— Кстати, я должна вас предупредить, что мисс Уильямсон не обычная секретарша. Она довольно важная особа в доме. Исполняет все секретарские обязанности для Джорджа которые очень немногочисленны, но главное ее занятие — помогать ему в лаборатории. Она получила ученую степень в Кембридже и, должна признаться, — негромко засмеявшись, добавила Маргарет, — выглядит соответственно.
Была уже почти половина пятого, когда все трое сидели в гостиной доктора Вэйна в ожидании чая и появления остальных домочадцев. Маргарет и Энтони явно нервничали, хотя и не понимали почему… Роджер был спокоен и собран. Пять минут, которые уже прошли в ожидании, он с удовольствием использовал, весьма внимательно рассматривая замечательную коллекцию фарфора в двух больших шкафах со стеклянными дверцами, а также в изобилии представленного на двух-трех полках, не считая тарелок, украшавших стены. Роджер был не очень большим знатоком фарфора, однако его познания были вполне достаточными, чтобы с умным видом потолковать с коллекционером.

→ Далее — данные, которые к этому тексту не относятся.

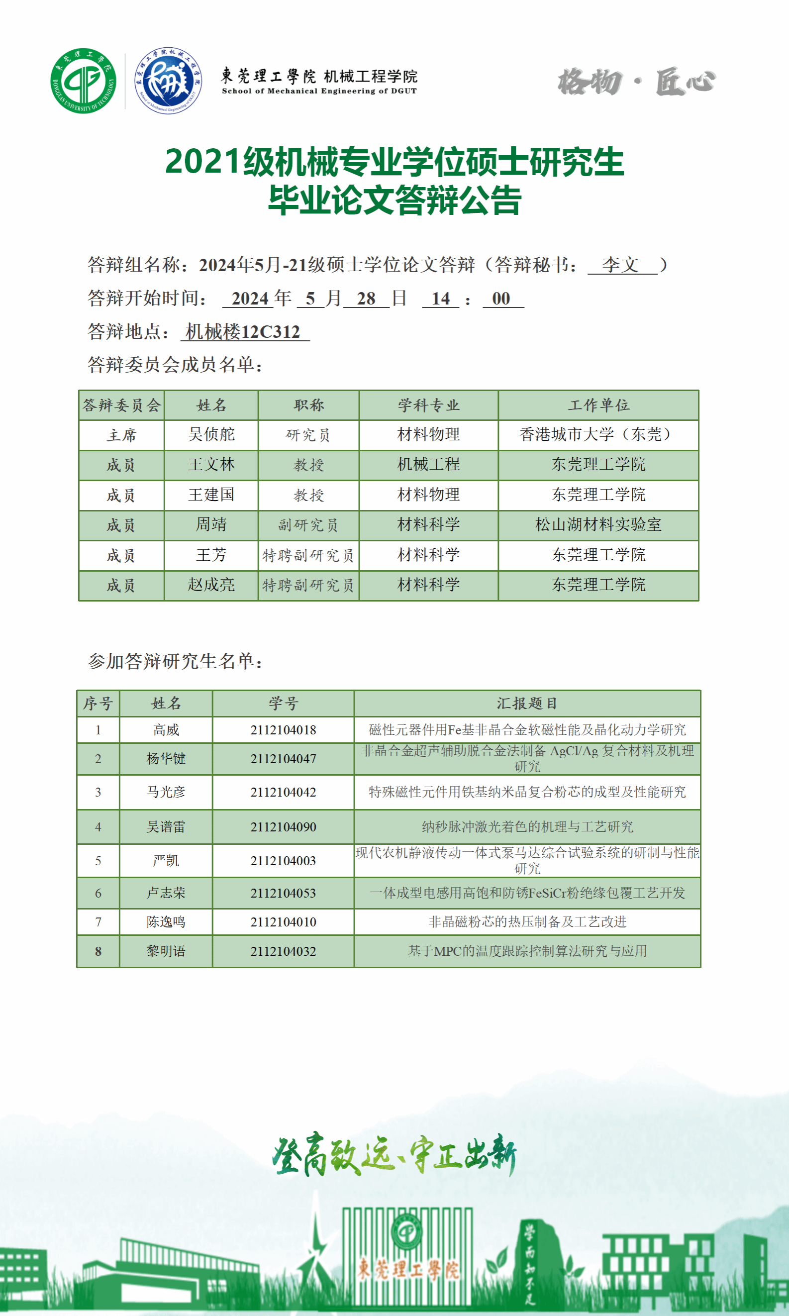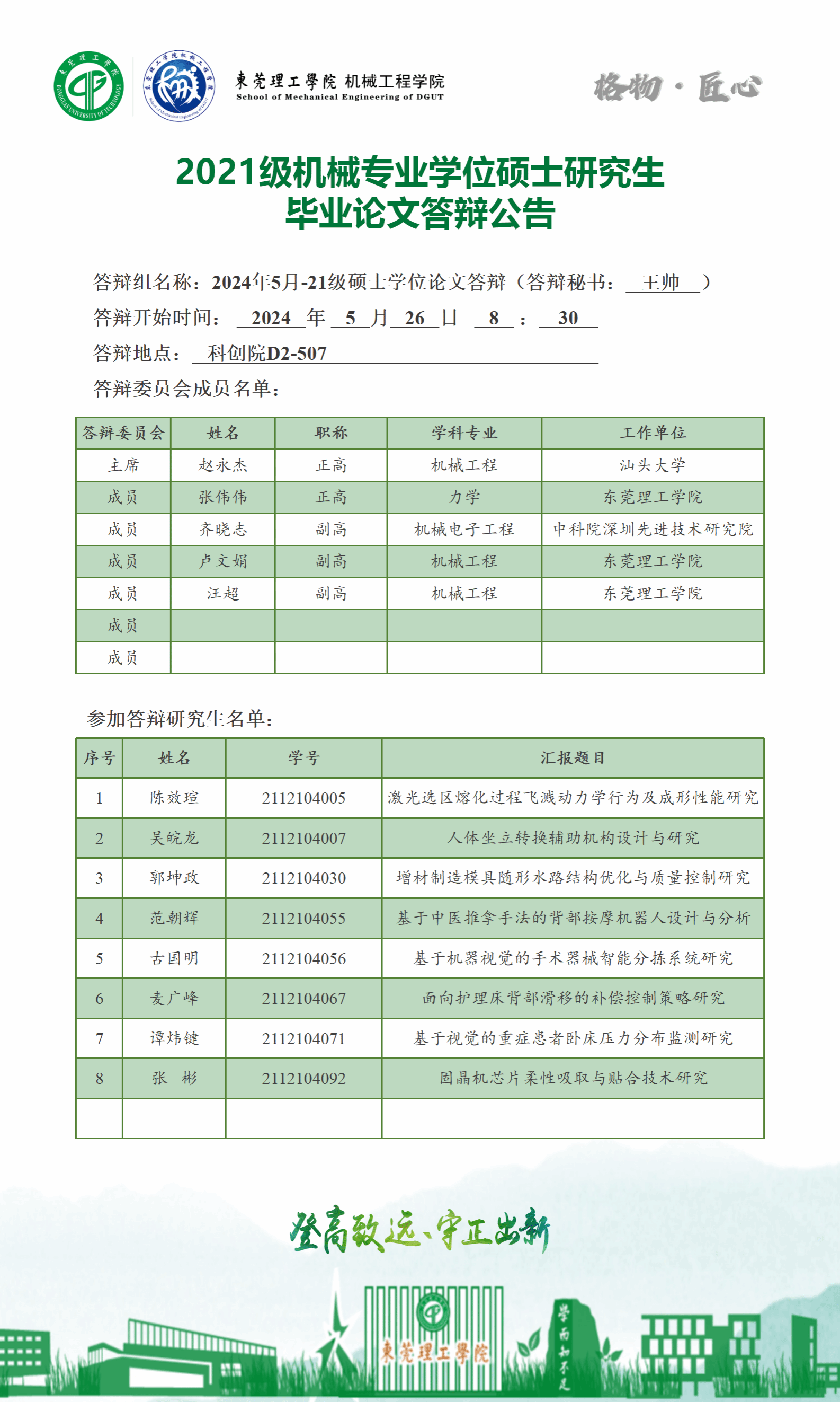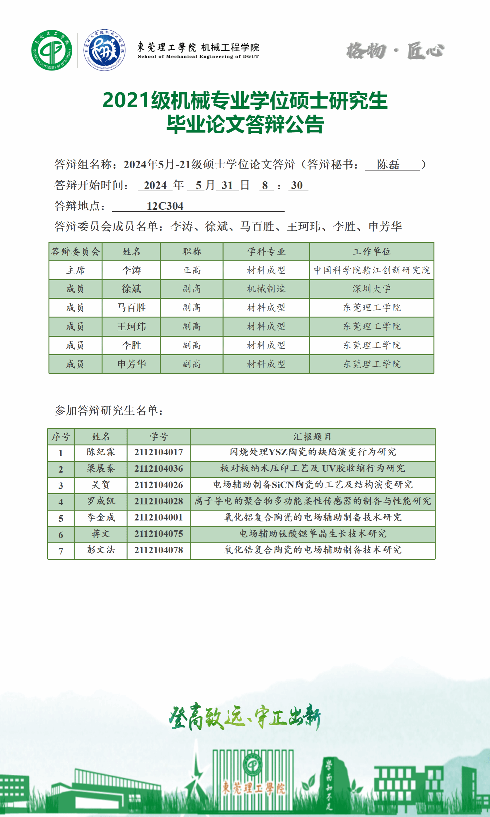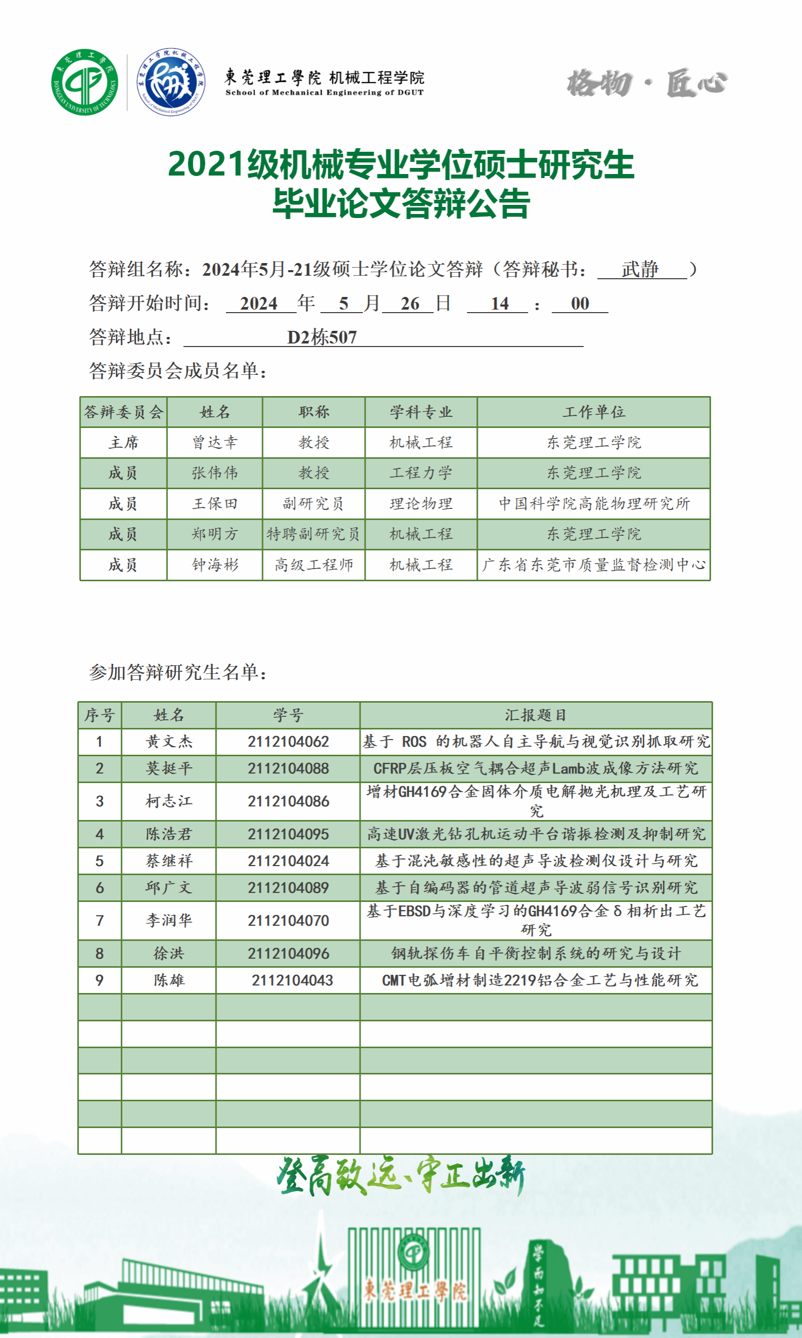 2024届硕士研究生学位论文答辩公告

— Не будьте злоязычны, Маргарет, — сказал он, рассматривая фарфоровую дрезденскую группу, изображающую четырех крошечных дам, играющих в вист, тончайшие кружева на их платьях и миниатюрные веера невероятного изящества и хрупкости. — Уверен, что эту коллекцию собирала, конечно, не ваша кузина.
— Нет, ее собрал Джордж. Это его единственный конек, который отнимает его внимание от трубок и пробирок. А почему вы так подумали?
— Да просто такая страсть кажется несовместимой с данным вами описанием характера этой леди. Как бы то ни было, все к лучшему. Я поздравлю Джорджа с чудесной коллекцией, и он меня полюбит как родного брата. Я прежде был знаком с некоторыми маниакальными любителями фарфора и сумею найти к нему подход.
— И вы совершенно правы, — улыбнулась Маргарет, — это самый короткий путь к сердцу Джорджа.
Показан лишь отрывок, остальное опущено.